### Task requirements
I'd like the entries reproduced exactly, with all pictures omitted.
BEGIN
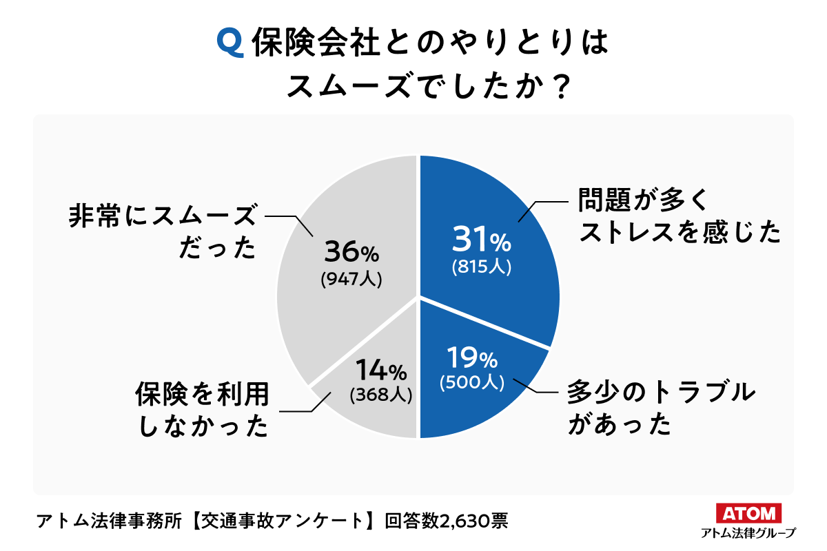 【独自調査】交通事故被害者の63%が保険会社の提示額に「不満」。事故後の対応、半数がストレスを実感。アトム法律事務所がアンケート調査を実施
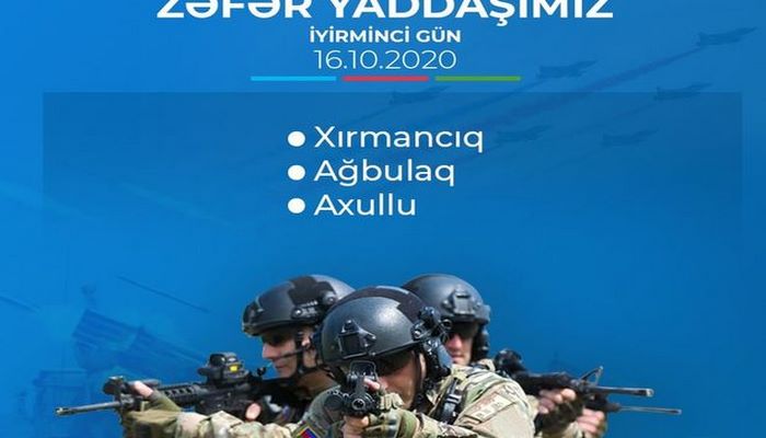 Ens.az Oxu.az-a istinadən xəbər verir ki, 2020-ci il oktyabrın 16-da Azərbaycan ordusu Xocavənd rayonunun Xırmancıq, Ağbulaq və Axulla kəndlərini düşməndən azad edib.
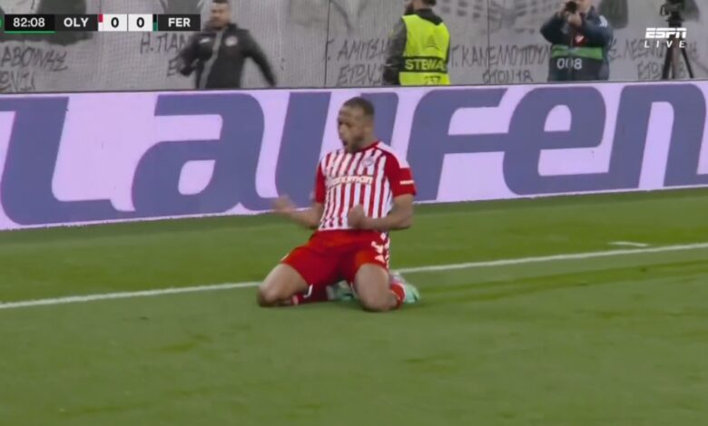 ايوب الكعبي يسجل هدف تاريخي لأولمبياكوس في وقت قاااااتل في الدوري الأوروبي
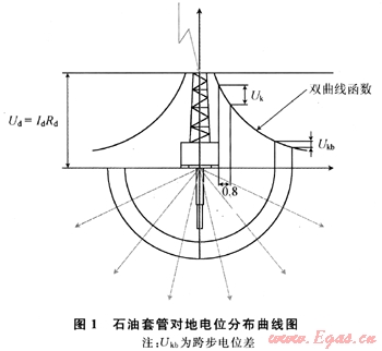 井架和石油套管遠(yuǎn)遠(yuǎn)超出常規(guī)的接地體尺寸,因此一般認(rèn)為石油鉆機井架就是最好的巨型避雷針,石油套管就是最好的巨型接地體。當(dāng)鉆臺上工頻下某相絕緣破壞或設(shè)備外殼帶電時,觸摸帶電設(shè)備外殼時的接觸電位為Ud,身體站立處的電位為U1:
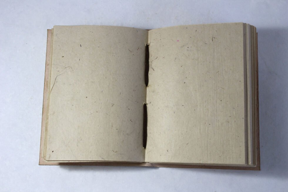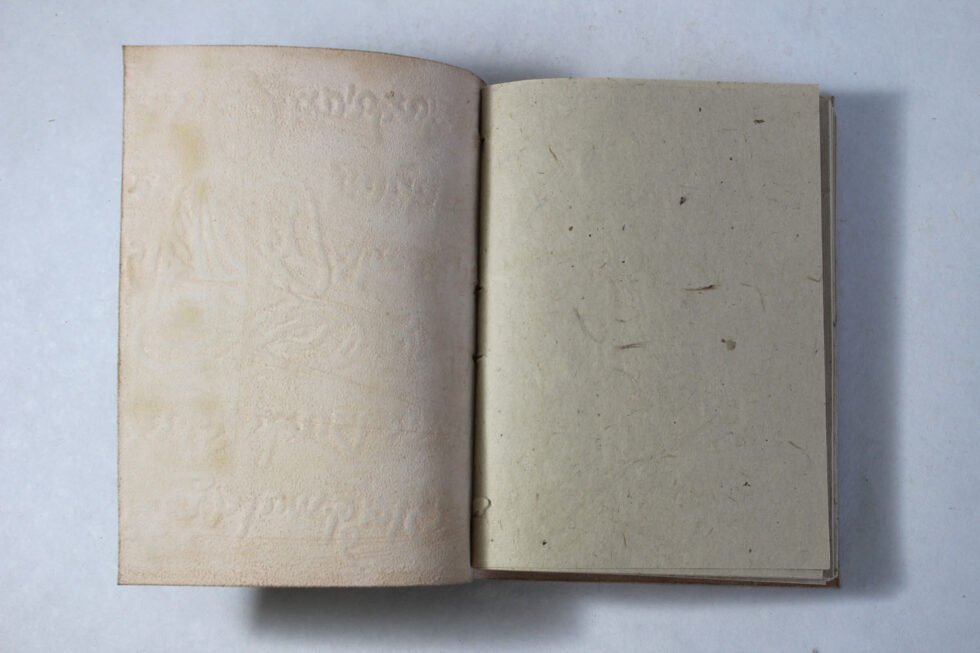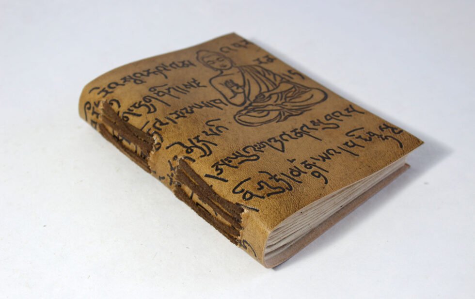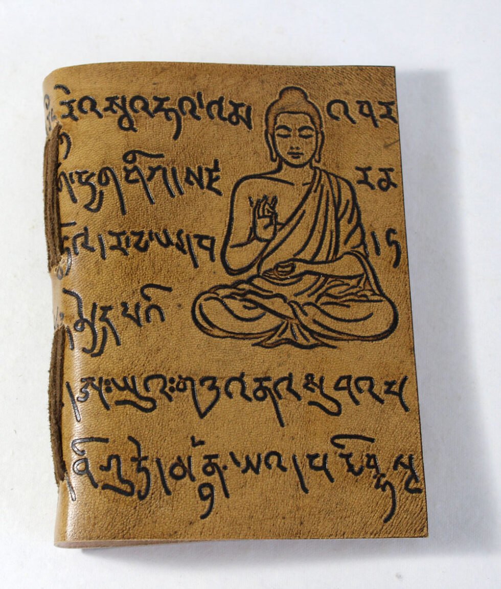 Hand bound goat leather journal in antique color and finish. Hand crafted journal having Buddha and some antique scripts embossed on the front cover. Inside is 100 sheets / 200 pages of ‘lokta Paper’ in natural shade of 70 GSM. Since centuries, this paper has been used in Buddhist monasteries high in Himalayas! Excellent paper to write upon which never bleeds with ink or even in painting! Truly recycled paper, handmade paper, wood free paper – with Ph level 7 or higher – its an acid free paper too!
END
### Response area
 【独自調査】交通事故被害者の63%が保険会社の提示額に「不満」。事故後の対応、半数がストレスを実感。アトム法律事務所がアンケート調査を実施
 Ens.az Oxu.az-a istinadən xəbər verir ki, 2020-ci il oktyabrın 16-da Azərbaycan ordusu Xocavənd rayonunun Xırmancıq, Ağbulaq və Axulla kəndlərini düşməndən azad edib.
 ايوب الكعبي يسجل هدف تاريخي لأولمبياكوس في وقت قاااااتل في الدوري الأوروبي
 井架和石油套管遠(yuǎn)遠(yuǎn)超出常規(guī)的接地體尺寸,因此一般認(rèn)為石油鉆機井架就是最好的巨型避雷針,石油套管就是最好的巨型接地體。當(dāng)鉆臺上工頻下某相絕緣破壞或設(shè)備外殼帶電時,觸摸帶電設(shè)備外殼時的接觸電位為Ud,身體站立處的電位為U1:
 Hand bound goat leather journal in antique color and finish. Hand crafted journal having Buddha and some antique scripts embossed on the front cover. Inside is 100 sheets / 200 pages of ‘lokta Paper’ in natural shade of 70 GSM. Since centuries, this paper has been used in Buddhist monasteries high in Himalayas! Excellent paper to write upon which never bleeds with ink or even in painting! Truly recycled paper, handmade paper, wood free paper – with Ph level 7 or higher – its an acid free paper too!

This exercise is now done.